Convection driven by a nonuniform radiative internal heat source in a cavity

While most studies of convection driven by an internal heat source in a fluid layer have been focused on a uniform heating of the fluid, the nonuniformity in the heat source has important implications for the temperature and flow fields, and the boundary heat fluxes.

Here, using direct numerical simulations we examine convection in a square cavity subject to a highly nonuniform internal heating generated by the energy deposition of a proton beam, motivated by applications in medical isotope production.  The internal heat source has a gaussian distribution in the direction of gravity (vertical) with a maximum at the center of the cavity.
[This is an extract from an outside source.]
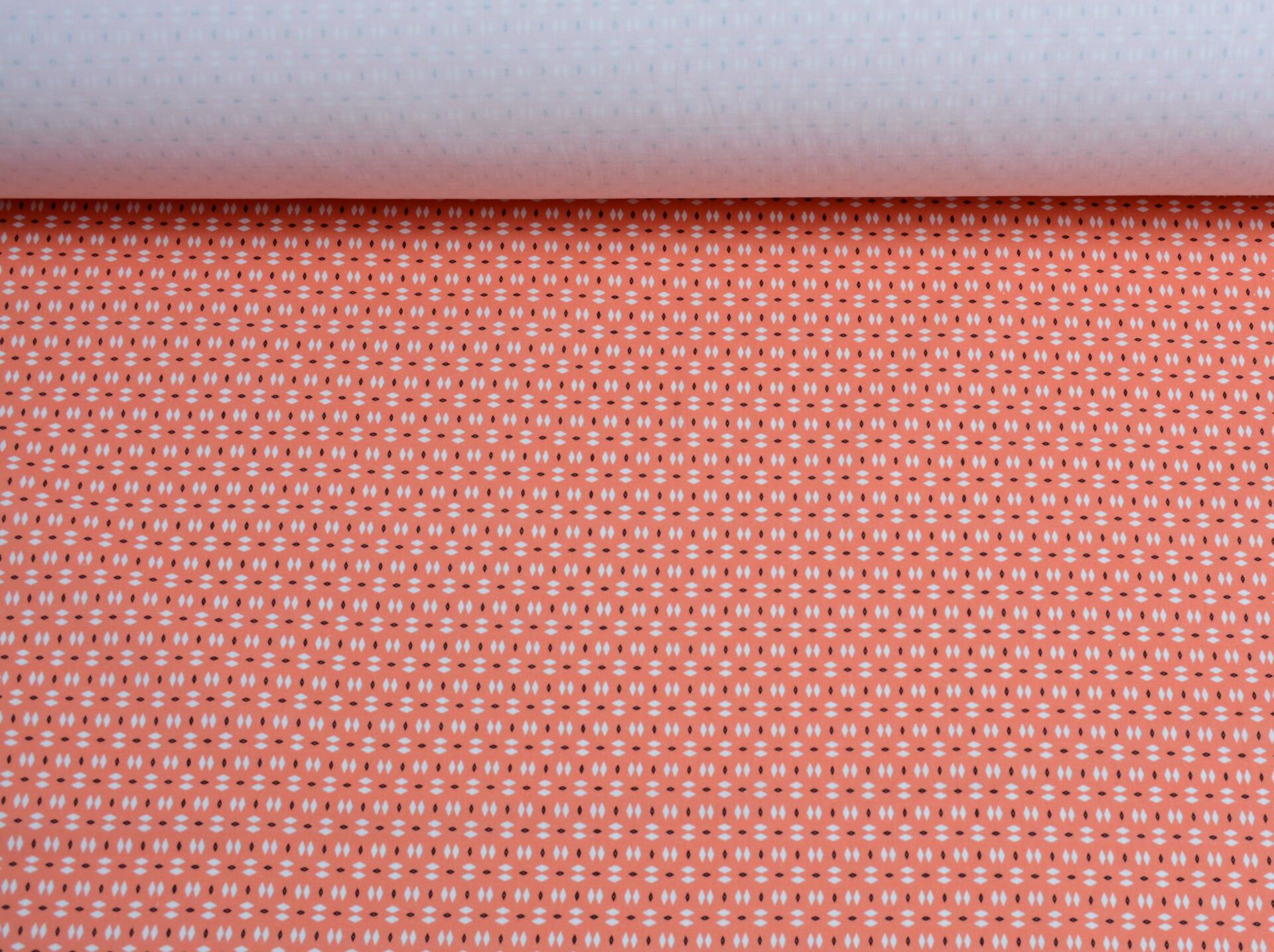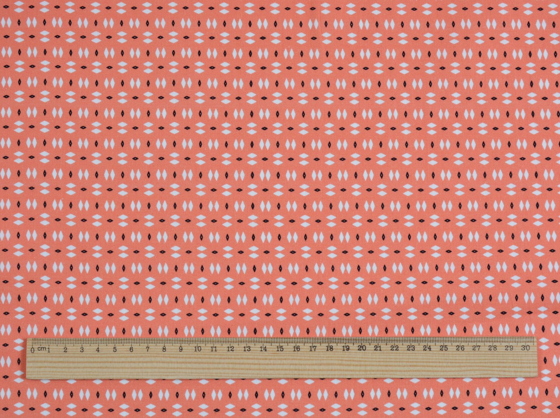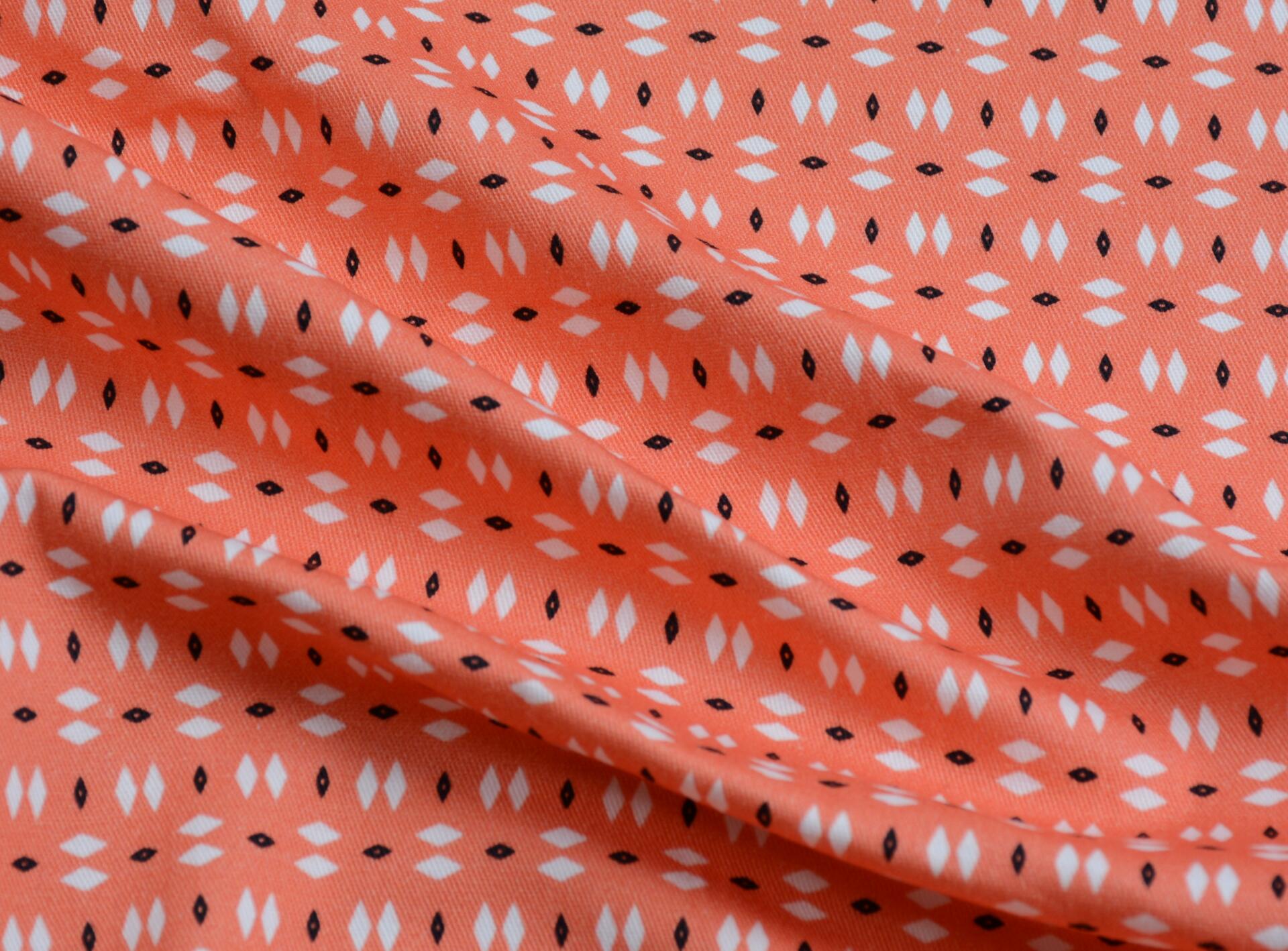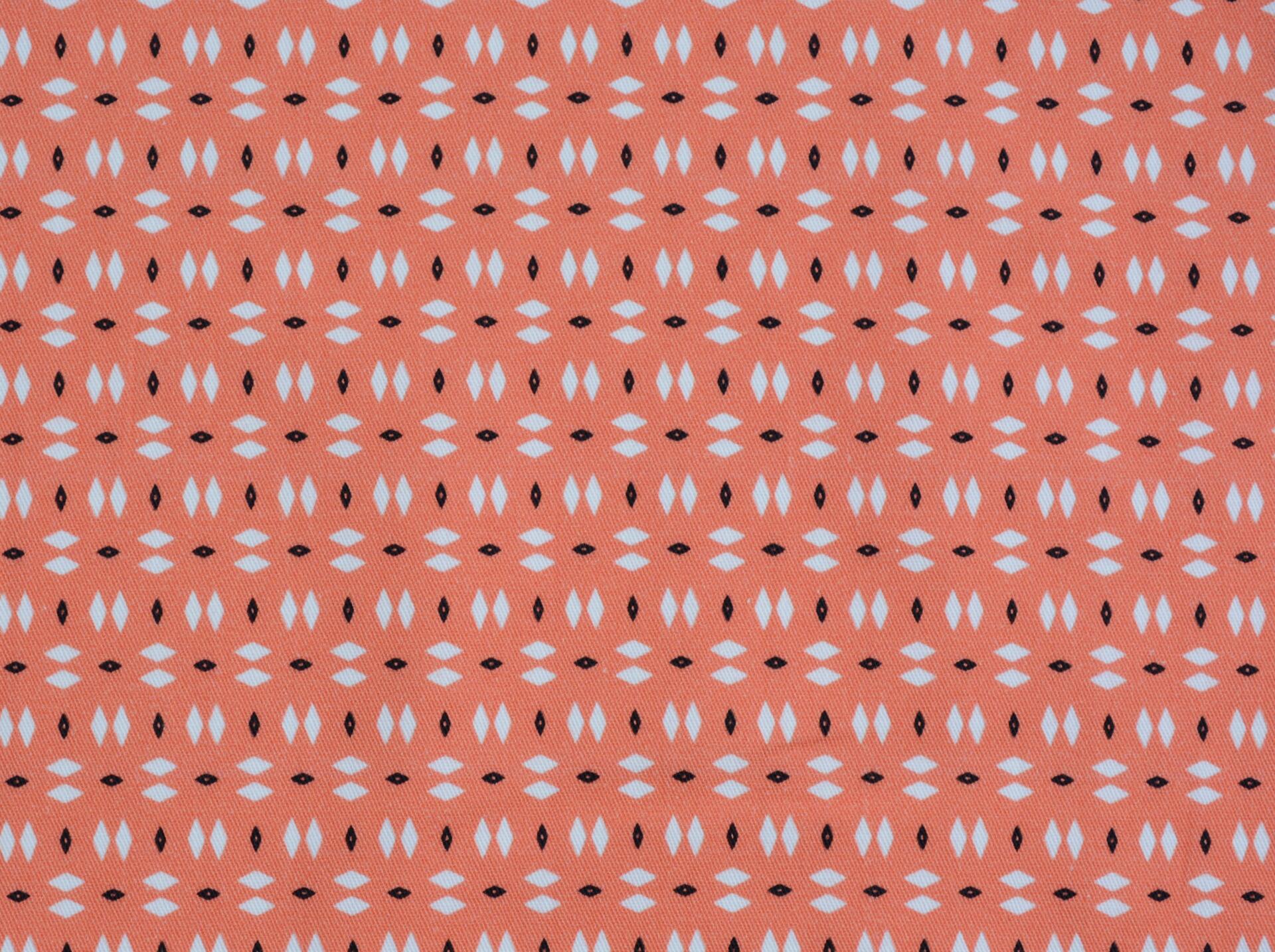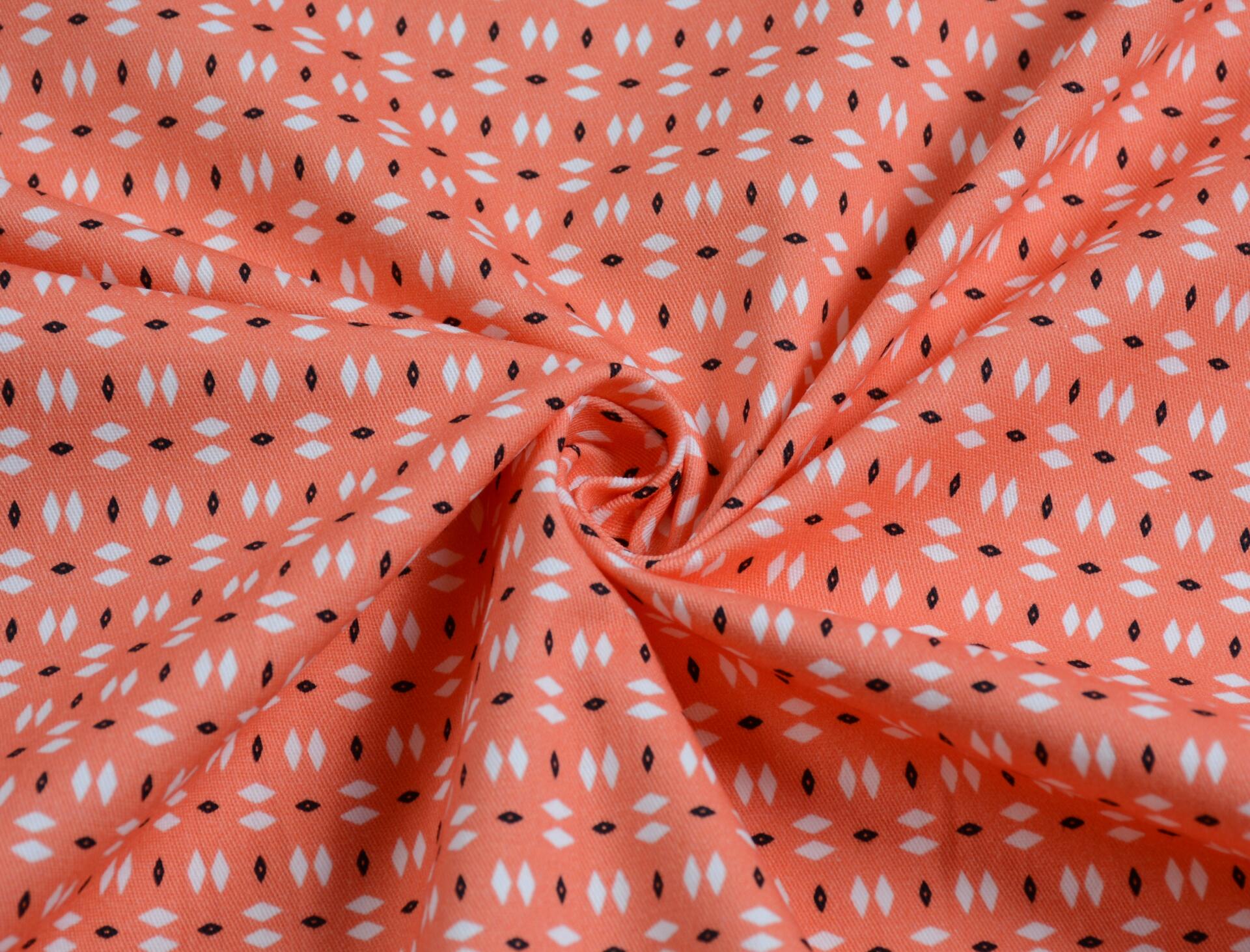 Tkanina Bawełniana Białe Romby na Pomarańczowym Tle

Two convective cells are formed in the horizontal direction, separated at the location where the internal heating stops. Interestingly, the scaling of the maximum and averaged temperatures with the Rayleigh number compare similarly to previously found power laws for uniformly heated fluid layers. At higher levels of internal heating, the layer of fluid near the top cold boundary becomes convectively unstable via Rayleigh–Taylor (RT) instabilities. The critical Rayleigh number for the onset of these instabilities was also close to uniform internal heating. The size of the convective cells plays a crucial role in controlling the maximum temperature and the growth of RT instabilities. By comparing the rate of growth of the RT instabilities from the linear stability analysis of self-similar temperature profiles to the rate of advection of the instabilities to the boundaries of the cavity, we develop a model for predicting the occurrence of RT instabilities.